Capital markets regulator Securities and Exchange Board of India (Sebi) on Friday tightened algo trading rules and put the onus on stock exchanges to ensure maintenance of orderly trading in the market.
Putting risk-control measures in place, Sebi has prescribed price filters and caps on trading quantity, which will have to be set by the stock exchanges.
“Exchange shall put in place effective economic disincentives with regard to high daily order-to-trade ratio of algo orders of the stock broker,” said Sebi in a circular.
The regulator has asked the stock exchanges to put in place appropriate risk-control mechanisms to address any risks emanating from algo trades. Exchanges will have to ensure that all orders are routed through servers located in India.
Sebi chairman U K Sinha, in the past, has been critical of ultra high-speed algo trades. Rightly so, as in June 2010, the stock of Reliance Industries Limited had crashed nearly 20 per cent on execution of a large ‘Sell’ order using algo trading methods. The order, which appeared to be a punching error, saw the Sensex plunge more than 600 points the moment it was executed on BSE. Also, on muhurat trading day last year, BSE had to annul all its trades after it reportedly found a Delhi-based trader using algo trading methods, which played havoc with Sensex futures.
According to the new guidelines, which will come into effect in a month, broking firms will need prior approval of stock exchanges to carry out algo trades. Exchanges will also have to ensure a consistent response time to all stock brokers.
More From This Section
Brokers will only get approvals for algo trading after they satisfy the stock exchanges by implementing the minimum level of risk controls. The risk controls include having a check on price, quantity, order value and cumulative open order value check. Brokers will have to give an undertaking to the stock exchanges that it has proper systems and procedures in place. Brokers will also need to have real-time monitoring systems to identify algorithms that may not behave as expected.

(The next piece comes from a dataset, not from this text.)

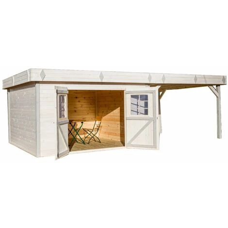 Parois : abri 28 mm SANS PLANCHER en sapin massif. Livré avec toiture mono pente (pente 2°)toiture en bac acier garantie 10 ans

Stock exchanges will have to ensure the stock broker provides the facility of algorithmic trading only after receiving permission from the regulator, said the circular.
Any order that is generated using automated execution logic will classify as algo trading, according to Sebi definition. “It has been observed that adoption of technology for the purpose of trading in financial instruments has been on the rise over the past few years. Stock brokers as well as their clients are now making increased use of trading algorithm,” Sebi said in the circular.
The guidelines are based on recommendations made by Sebi’s Technical Advisory Committee and Secondary Market Advisory Committee.